* **What to work on**
With the pictures left out, every record must be reproduced exactly.

Records from a data collection
..........
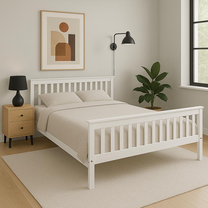 Embrace the beauty in simplicity with our Hampton wooden bed. This bed is more than a piece of furniture: it is a gorgeous shaker style bed frame with clean lines that oozes class and sophistication. With it’s subtle white finish, your bed will seamlessly fit in your bedroom no matter your style! The best part? We have created this bed in single, double or king meaning that no matter your room size, there’s an option for everyone! Whether you want a space saving single bed for a kid’s room or spare room, or a roomy king size bed for star-fishing (or extra room for furry friends!), the Hampton bed is the perfect choice.
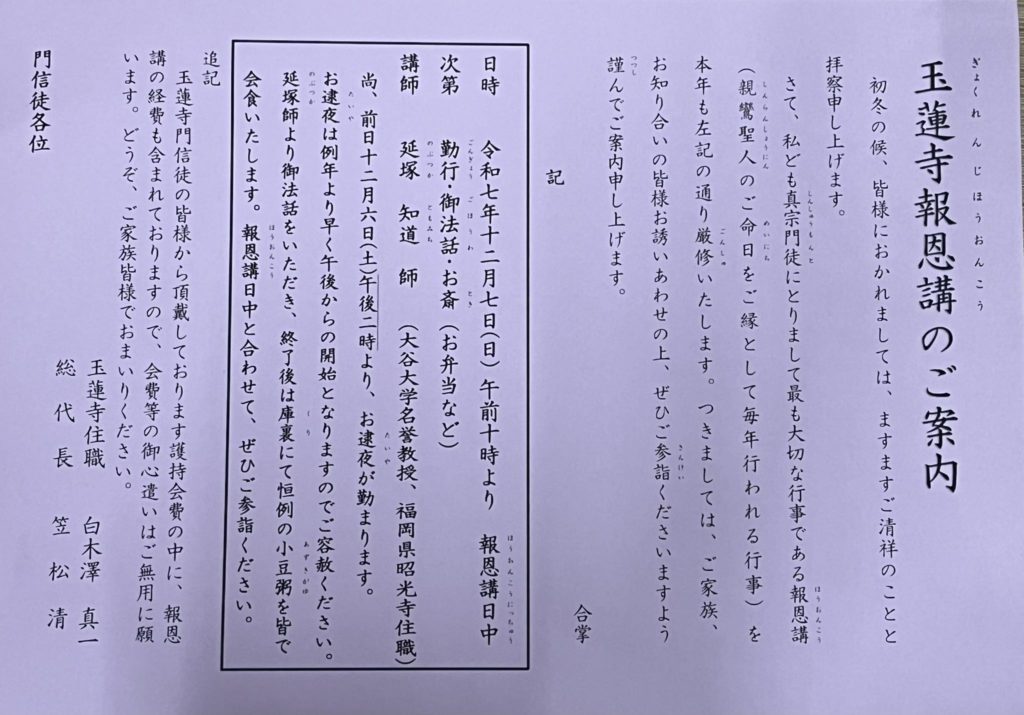 玉蓮寺報恩講逮夜…………12/6(土)14:00〜
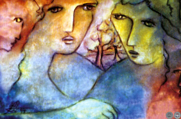 Pero sus pinturas, mantenidas dentro de los límites formales reconocibles, se deforman al ajustarse a la angustia de ese secreto que gobierna texturas, color, diseño, composición y les imprime su torsión expresionista. El hombre en Olga Blinder -varón, mujer, niño- es el de la hora última, temeroso -más que responsable- del porvenir que acumula, porque busca el misterio de otros mundos sin haber aclarado su destino pleno sobre éste. La pintura de Olga en suma es una pintura de mensaje. Y no teme dejarlo ver. Porque la intención o el mensaje es inevadible en todo gesto y en toda presencia humana. Los extremismos actuales pretenden prescindir de intención o mensaje; pero la copiosa literatura sobre los mimos parece desmentir esa prescindencia. ¿Explicar una obra no es ya de por sí atribuirle -o buscarle- ese mensaje?. La pintura de Olga Blinder, de materia siempre atractiva, de línea atormentada, como su color, que desdeña la claridad por los senderos en sombra de la monocromía -grises, tierras- o lo problematiza en espacios no significativos; de composición en la cual encontramos a menudo una voluntad de ruptura con lo tradicional como en estas pinturas de superficies irregulares, poligonales, que plantean lo caduco en el multisecular concepto de la superficie; pero siempre perfectamente compatible con su apego a los valores sustanciales humanos, es una obra sincera y llena de fervor. Hay en su obra la sinceridad sin la cual no hubo nunca ni habrá arte pleno.
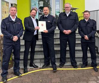 v.l.n.r. Stv. Wehrleiter Torsten Weißhaupt, Bürgermeister Peter Unkel, Sascha Engel, Wehrführer Joachim Elbrecht und der Stv. Wehrführer Mike Scholle.
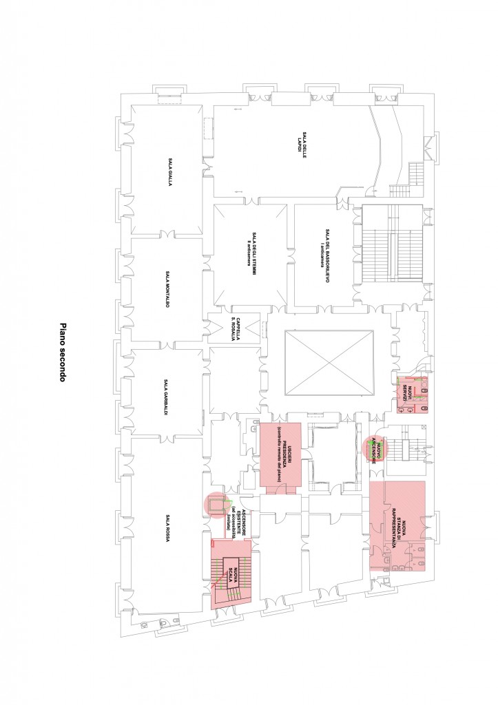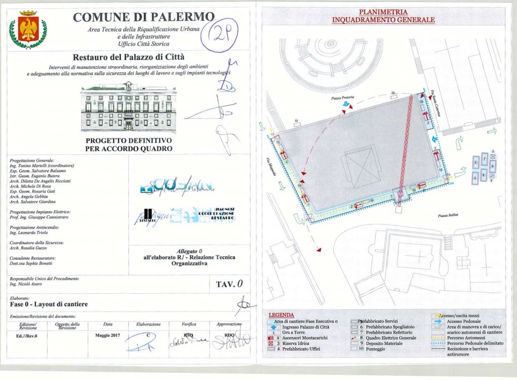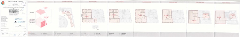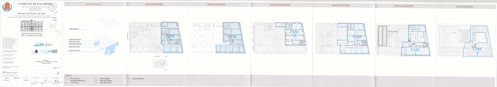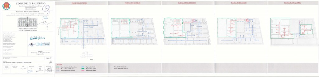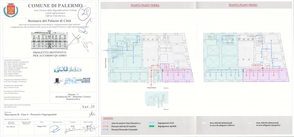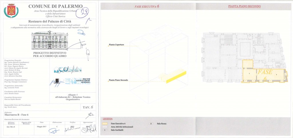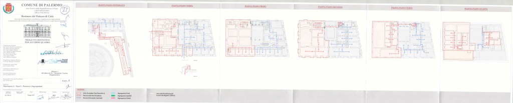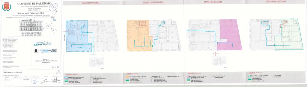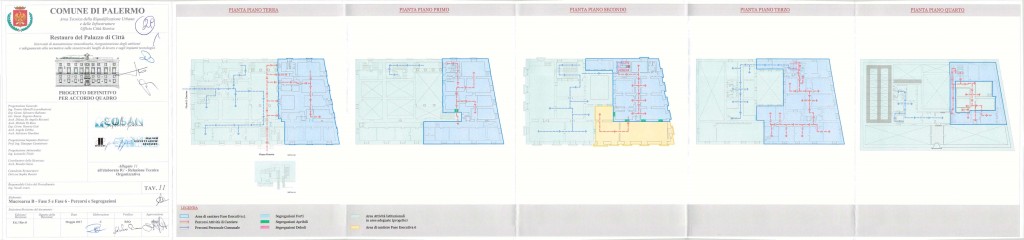 L’intervento sarà eseguito in due macroaree, A e B una per ogni metà dell’edificio, prima quella dal lato del vicolo di S. Caterina, che comprenderà quindi Sala delle Lapidi e gli uffici del Consiglio Comunale e poi quella dal lato di via Maqueda, che comprenderà la Segreteria Generale e gli uffici del Sindaco.
..........
* **Result for this task**
 Embrace the beauty in simplicity with our Hampton wooden bed. This bed is more than a piece of furniture: it is a gorgeous shaker style bed frame with clean lines that oozes class and sophistication. With it’s subtle white finish, your bed will seamlessly fit in your bedroom no matter your style! The best part? We have created this bed in single, double or king meaning that no matter your room size, there’s an option for everyone! Whether you want a space saving single bed for a kid’s room or spare room, or a roomy king size bed for star-fishing (or extra room for furry friends!), the Hampton bed is the perfect choice.
 玉蓮寺報恩講逮夜…………12/6(土)14:00〜
 Pero sus pinturas, mantenidas dentro de los límites formales reconocibles, se deforman al ajustarse a la angustia de ese secreto que gobierna texturas, color, diseño, composición y les imprime su torsión expresionista. El hombre en Olga Blinder -varón, mujer, niño- es el de la hora última, temeroso -más que responsable- del porvenir que acumula, porque busca el misterio de otros mundos sin haber aclarado su destino pleno sobre éste. La pintura de Olga en suma es una pintura de mensaje. Y no teme dejarlo ver. Porque la intención o el mensaje es inevadible en todo gesto y en toda presencia humana. Los extremismos actuales pretenden prescindir de intención o mensaje; pero la copiosa literatura sobre los mimos parece desmentir esa prescindencia. ¿Explicar una obra no es ya de por sí atribuirle -o buscarle- ese mensaje?. La pintura de Olga Blinder, de materia siempre atractiva, de línea atormentada, como su color, que desdeña la claridad por los senderos en sombra de la monocromía -grises, tierras- o lo problematiza en espacios no significativos; de composición en la cual encontramos a menudo una voluntad de ruptura con lo tradicional como en estas pinturas de superficies irregulares, poligonales, que plantean lo caduco en el multisecular concepto de la superficie; pero siempre perfectamente compatible con su apego a los valores sustanciales humanos, es una obra sincera y llena de fervor. Hay en su obra la sinceridad sin la cual no hubo nunca ni habrá arte pleno.
 v.l.n.r. Stv. Wehrleiter Torsten Weißhaupt, Bürgermeister Peter Unkel, Sascha Engel, Wehrführer Joachim Elbrecht und der Stv. Wehrführer Mike Scholle.
 L’intervento sarà eseguito in due macroaree, A e B una per ogni metà dell’edificio, prima quella dal lato del vicolo di S. Caterina, che comprenderà quindi Sala delle Lapidi e gli uffici del Consiglio Comunale e poi quella dal lato di via Maqueda, che comprenderà la Segreteria Generale e gli uffici del Sindaco.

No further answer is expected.